As a first step, answering the question of why more in-depth analytical capabilities are needed can, by default, answer the question of what exactly is needed in this regard.

The driving force behind needing a better view of the ins and outs of the supply chain is the pressing need for flexibility and performance amid a business environment of complexity and volatility. Corporate plans are made, and then reality takes over. Constant changes inside planning horizons are no longer an exception to the rule; they are the rule. With so many unplanned events happening across extended supply chains, caused by supply disruptions, demand volatility and shrinking product lifecycles, frontline decision makers are making literally hundreds of judgment calls each day. Each of these alone may not have significant implications to the business, but in aggregate, they are quite material. How does an organization ensure that these decisions — which need to be made quickly to satisfy customers and avoid costly delays — are consistent with its overall corporate performance goals?

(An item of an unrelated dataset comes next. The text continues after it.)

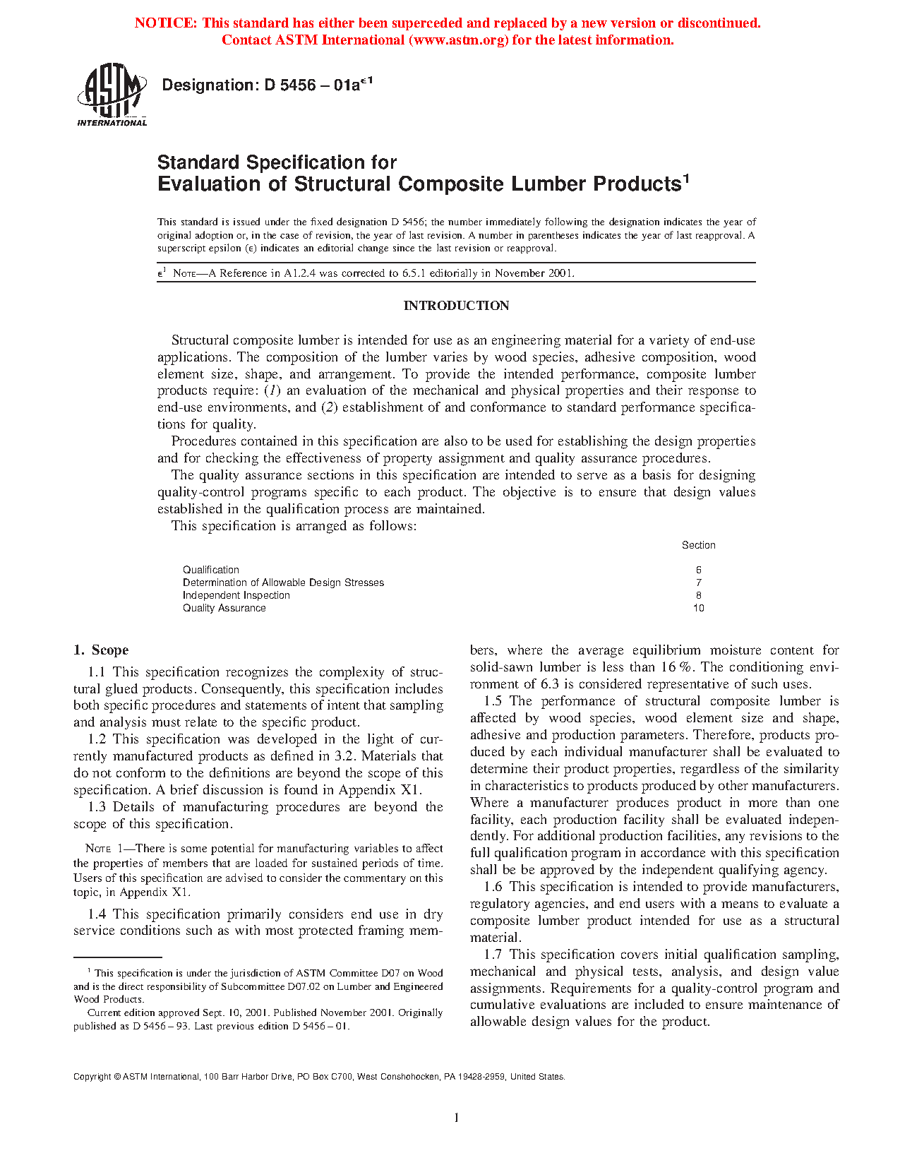 1.8 This specification, or parts thereof, shall be applicable to structural composite lumber portions of manufactured structural components.

The ability to deliver results in the face of daily changes inside planning horizons is being thwarted by the inefficiencies of traditional tools and technologies, which lack the integrated demand-supply planning, monitoring and collaborative response capabilities required for today's complex and dynamic world. Companies are now recognizing the need to arm their frontline staff with better information and analytical tools to make informed decisions on risk tradeoffs and response and ensure ongoing alignment of operations execution to top-level corporate objectives.

Setting the Stage

In the pursuit of continuous alignment between corporate strategy and supply chain execution, information is power and visibility into the supply chain is at the core.

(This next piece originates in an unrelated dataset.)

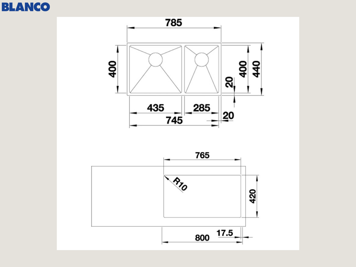 Chậu inox Blanco Quatrus R15 435/285-IU

Supply chains that at one time consisted of a factory and its direct suppliers now span the globe and can consist of multiple levels of supplier/customer relationships. So, for supply chain visibility to be truly insightful, it must be inclusive. A company must have the ability to easily consolidate data from these multiple sites and systems for a holistic view of the extended supply chain. For global performance management, one needs global visibility. And for decisions to be effective, partners across the organization (internal or external) need to be on the same page, working from the same set of data, in the same way. A multi-enterprise, multi-tier view of operations is required to have a complete understanding of the business and to effectively manage operations across the supply chain.

Functionally, this requires a central system that can pull up-to-date information from different operational systems and synchronize it, providing a single version of the truth that is accessible by diverse, ad hoc supply chain management action teams across the extended enterprise.

Having this visibility is meaningless though if you can't find the critical information within the data. A user should be able to view information at as high or as low a level as is necessary to understand what is happening and why. User-defined views help convert raw data to real information.

Another key component to deciphering the critical information from all the available data is alerting capabilities that provide early warning of an unplanned event that will have a negative impact on the business. Automated solutions can sift through all the activities, uncovering the truly important information and exceptions for a user's particular area of responsibility and send an alert. Such alerting tools, for example, could warn that certain key performance indicators (KPIs) are projected to exceed tolerance levels or that a specific key order is projected to be late. For real value though, alerting analytics should take one step further and understand the domino relationship and cumulative effects of multiple events.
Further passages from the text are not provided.